Work required ->
Reproduce the lines below exactly, from the one containing "Crafted from a" through the one containing "in this telling, the", both included. Leave out any pictures.

Supplied records ->
◆ ◆ ◆ ◆ ◆
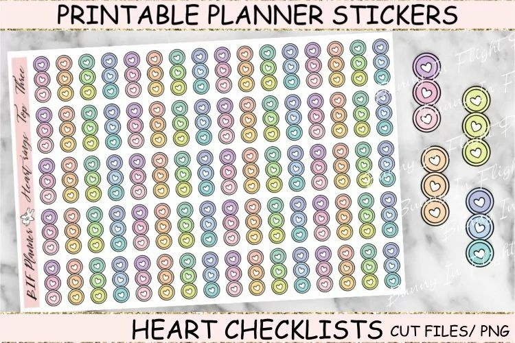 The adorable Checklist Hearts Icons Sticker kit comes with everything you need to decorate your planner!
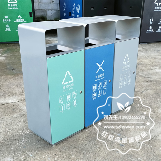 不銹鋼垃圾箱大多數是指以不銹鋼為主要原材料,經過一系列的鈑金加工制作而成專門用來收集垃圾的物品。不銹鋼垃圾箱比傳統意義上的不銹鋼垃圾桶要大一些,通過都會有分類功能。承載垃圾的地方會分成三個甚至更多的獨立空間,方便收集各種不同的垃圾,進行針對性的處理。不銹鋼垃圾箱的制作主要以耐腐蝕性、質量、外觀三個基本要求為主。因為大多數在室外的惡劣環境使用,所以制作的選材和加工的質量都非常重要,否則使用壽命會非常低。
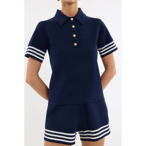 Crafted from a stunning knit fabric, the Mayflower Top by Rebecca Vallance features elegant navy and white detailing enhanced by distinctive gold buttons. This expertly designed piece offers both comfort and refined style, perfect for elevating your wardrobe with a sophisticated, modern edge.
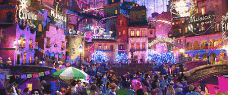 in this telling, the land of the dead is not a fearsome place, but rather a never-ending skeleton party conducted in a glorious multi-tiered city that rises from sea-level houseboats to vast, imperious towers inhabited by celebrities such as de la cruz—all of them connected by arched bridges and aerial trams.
◆ ◆ ◆ ◆ ◆
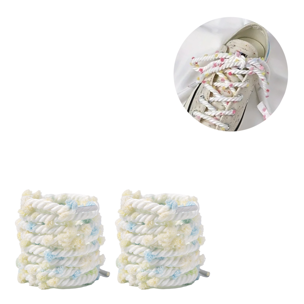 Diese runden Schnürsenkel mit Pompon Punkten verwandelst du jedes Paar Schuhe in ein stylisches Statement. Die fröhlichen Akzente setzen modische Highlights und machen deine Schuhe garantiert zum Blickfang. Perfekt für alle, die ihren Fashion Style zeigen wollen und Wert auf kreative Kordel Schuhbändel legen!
◆ ◆ ◆ ◆ ◆
Answer for the task ->
 Crafted from a stunning knit fabric, the Mayflower Top by Rebecca Vallance features elegant navy and white detailing enhanced by distinctive gold buttons. This expertly designed piece offers both comfort and refined style, perfect for elevating your wardrobe with a sophisticated, modern edge.
 in this telling, the land of the dead is not a fearsome place, but rather a never-ending skeleton party conducted in a glorious multi-tiered city that rises from sea-level houseboats to vast, imperious towers inhabited by celebrities such as de la cruz—all of them connected by arched bridges and aerial trams.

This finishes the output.